Morison started his career at Northampton Town at the age of 16, progressing through the club's centre of excellence. He made his first-team debut in 2002. Morison joined Conference South club Bishop's Stortford for an undisclosed fee in November 2004. After just under two years playing regularly at Stortford, he signed for Stevenage Borough for a "small four-figure fee" in August 2006. During his first season with the club, Morison scored the winning goal in the 2007 FA Trophy Final, the first competitive cup final to be held at the new Wembley Stadium. He also helped the club win the FA Trophy again in May 2009, in what was ultimately his last game for the club.
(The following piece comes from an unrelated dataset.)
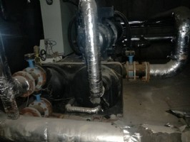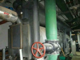 水蒸氣進入冷凝器,被冷凝器內的冷卻水降溫后凝結,成為高壓低溫的液態(tài)水;當冷凝器內的水通過節(jié)流閥進入蒸發(fā)器時,急速膨脹而汽化,并在汽化過程中大量吸收蒸發(fā)器內冷媒水的熱量,從而達到降溫制冷的目的;在此過程中,低溫水蒸氣進入吸收器,被吸收器內的溴化鋰水溶液吸收,溶液濃度逐步降低,再由循環(huán)泵送回發(fā)生器,完成整個循環(huán)。如此循環(huán)不息,連續(xù)制取冷量。

Having scored 86 times in 151 appearances during his three seasons at Stevenage, Morison joined Millwall for £130,000 ahead of the 2009–10 season. He helped the club to secure promotion to the Championship in his first season there. He signed for Premier League club Norwich City in June 2011. After scoring 12 goals in 59 games for Norwich in the top tier of English football, Morison signed for Leeds United in January 2013. He rejoined Millwall on a season-long loan after just five months at Leeds. He returned to Leeds for the 2014–15 season, before signing for Millwall on a permanent basis in August 2015.

Morison scored the winning goal in the 2017 EFL League One play-off final to help Millwall achieve promotion back into the Championship during the 2016–17 season. He played over 300 games for Millwall over his two spells with the club, scoring 92 goals, which ranks him in third place in Millwall's all-time record goalscorers list. Morison joined Shrewsbury Town on an initial season-long loan agreement in June 2019. Although the transfer was made permanent at the start of the 2019–20 season, Morison announced his retirement from playing in October 2019. Having already gained his coaching badges, he was appointed Northampton Town's under-18 coach, before later joining Cardiff City as the lead coach of the club's under-23 team. Morison was appointed as first-team manager of Cardiff City in November 2021.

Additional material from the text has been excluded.